Heat dissipation device for a converter for a vehicle, power converter, electric axle drive, vehicle and method for producing a heat dissipation device
Abstract
A cooling device for a power converter for a vehicle includes a heat sink having a heat discharging structure on a first side for discharging heat acting on the heat sink, and a connecting surface on the second side opposite the first side for absorbing heat from a semiconductor connected to the connecting surface, wherein the semiconductor has a discharge surface for discharging heat to the connecting surface, and an insulating layer having a polymer with ceramic particles that is located between the connecting surface on the heat sink and the discharge surface on the semiconductor, and is designed to mechanically and thermally connect the heat sink to the semiconductor and to insulate them from one another.
Claims
exact text as granted — not AI-modified1 . A cooling device for a power converter for a vehicle, comprising:
a heat sink comprising a heat discharging structure on a first side for discharging heat acting on the heat sink, and a connecting surface on a second side opposite the first side for absorbing heat from a semiconductor connected to the connecting surface; the semiconductor comprising a discharge surface for discharging heat to the connecting surface; and an insulating layer comprising a polymer with ceramic particles located between the connecting surface on the heat sink and the discharge surface on the semiconductor, wherein the insulating layer is designed to mechanically and thermally connect the heat sink to the semiconductor and to insulate them from one another.

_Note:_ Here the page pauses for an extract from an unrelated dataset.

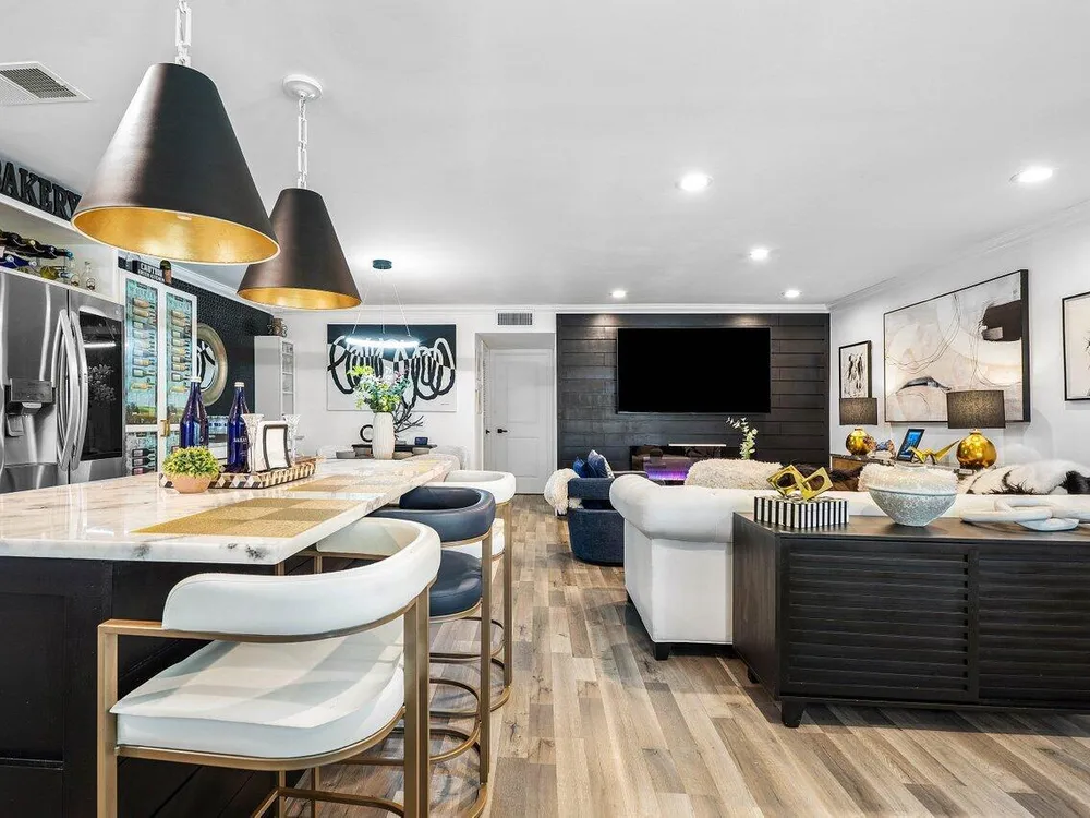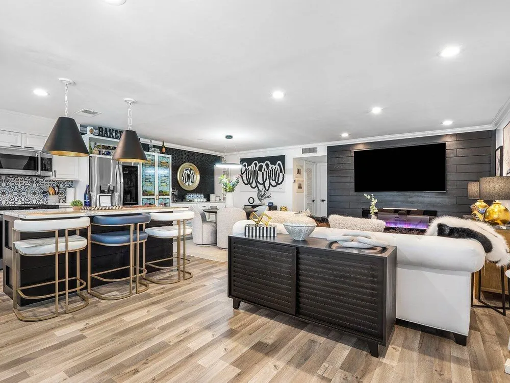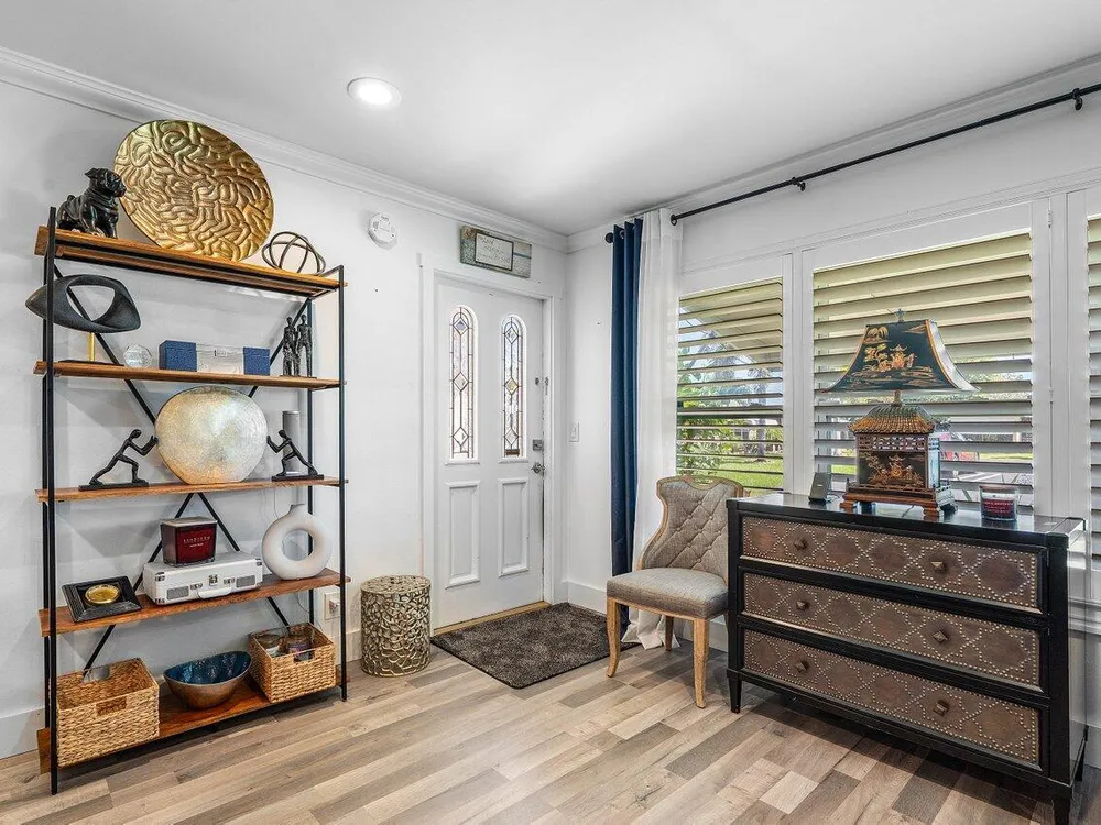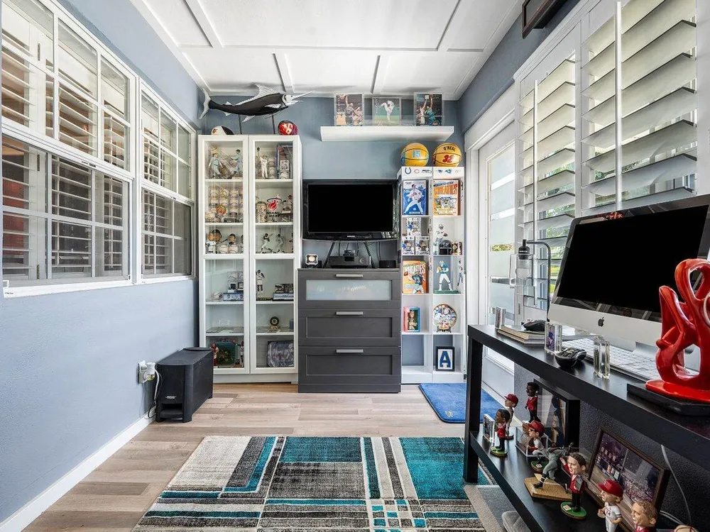 - Bar, Built-in Shelving, Entry Level Living Area, Kitchen Island, Walk-In Closet(s), Florida Room, Separate Shower

2 . The cooling device according to claim 1 , wherein the insulating layer is materially bonded to the connecting surface and the discharge surface.
3 . The cooling device according to claim 1 , wherein the insulating layer has ceramic particles embedded in or applied to the polymer.

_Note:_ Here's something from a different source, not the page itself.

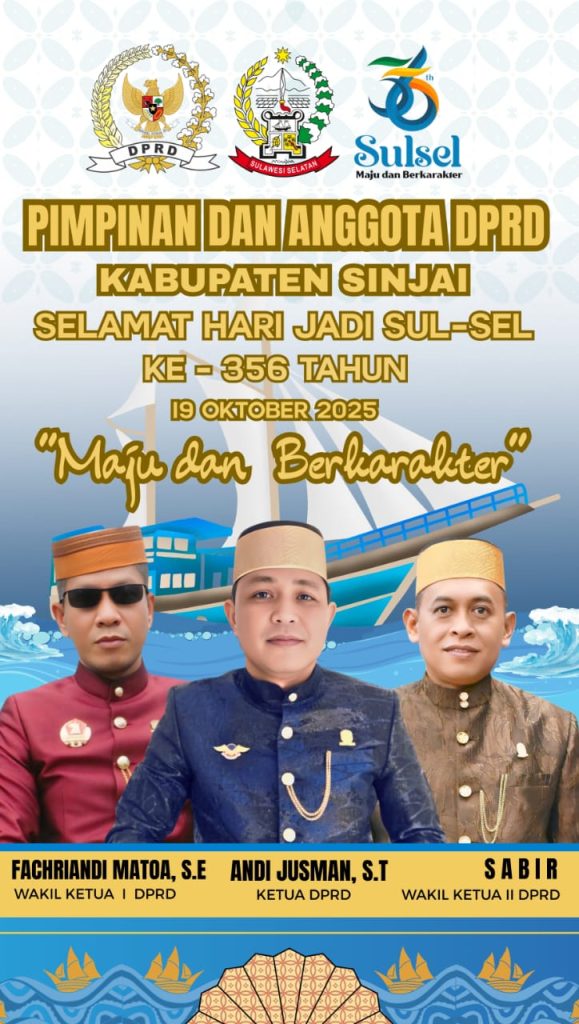 Suaraindonesiaku.com, Sinjai — Peringatan Hari Ulang Tahun (HUT) ke-356 Sulawesi Selatan yang akan digelar pada 19 Oktober 2025, semangat masyarakat untuk merayakan momentum bersejarah ini semakin terasa. Tahun ini, perayaan HUT Sulsel mengusung tema “Sulsel Maju dan Berkarakter”. Berbagai tokoh dan pejabat turut menyampaikan ucapan selamat atas hari jadi Sulsel. Salah satunya adalah pimpinan Dewan Perwakilan rakyat kabupaten sinjai, yang memberikan ucapan langsung melalui flyer portal media online serta media sosial lainnya. Sekedar diketahui DPRD Kab. Sinjai Periode 2024-2029 kini di pimpin oleh Andi Jusman sebagai Ketua DPRD Sinjai, Fachriandi Matoa sebagai Wakil Ketua I, dan Sabir sebagai Ketua II. Beserta anggota dewan lainnya yang saling membantu demi kemajuan pembangunan Kab. sinjai. Peringatan HUT ke-356 Sulsel ini diharapkan menjadi momentum untuk meneguhkan komitmen bersama membangun provinsi yang maju dan berkarakter, serta semakin memperkuat hubungan sampai ketingkat kabupaten. (Ruslan)

4 . The cooling device according to claim 1 , wherein the semiconductor is a potted electronic component.
5 . The cooling device according to claim 1 , comprising:
at least one further semiconductor that has a second discharge surface for placing the second semiconductor on the connecting surface, wherein the insulating layer and/or a second insulating layer, which also has a polymer with ceramic particles, is placed between the connecting surface and the second discharge surface on the second semiconductor to mechanically and thermally connect the heat sink and the second semiconductor and electrically insulate them from one another.
6 . The cooling device according to claim 1 , wherein the heat sink comprises a metal.
7 . The cooling device according to claim 6 , wherein the metal comprises copper or aluminum.
8 . A power converter comprising the cooling device according to claim 1 .
9 . The power converter according to claim 8 , wherein the power converter comprises an inverter.
10 . The power converter according to claim 8 , comprising:
a housing, wherein the cooling device is thermally and/or mechanically coupled to the housing.
11 . The power converter according to claim 8 , comprising:
a housing, wherein the connecting surface of the heat sink is flush with an outer wall of the housing.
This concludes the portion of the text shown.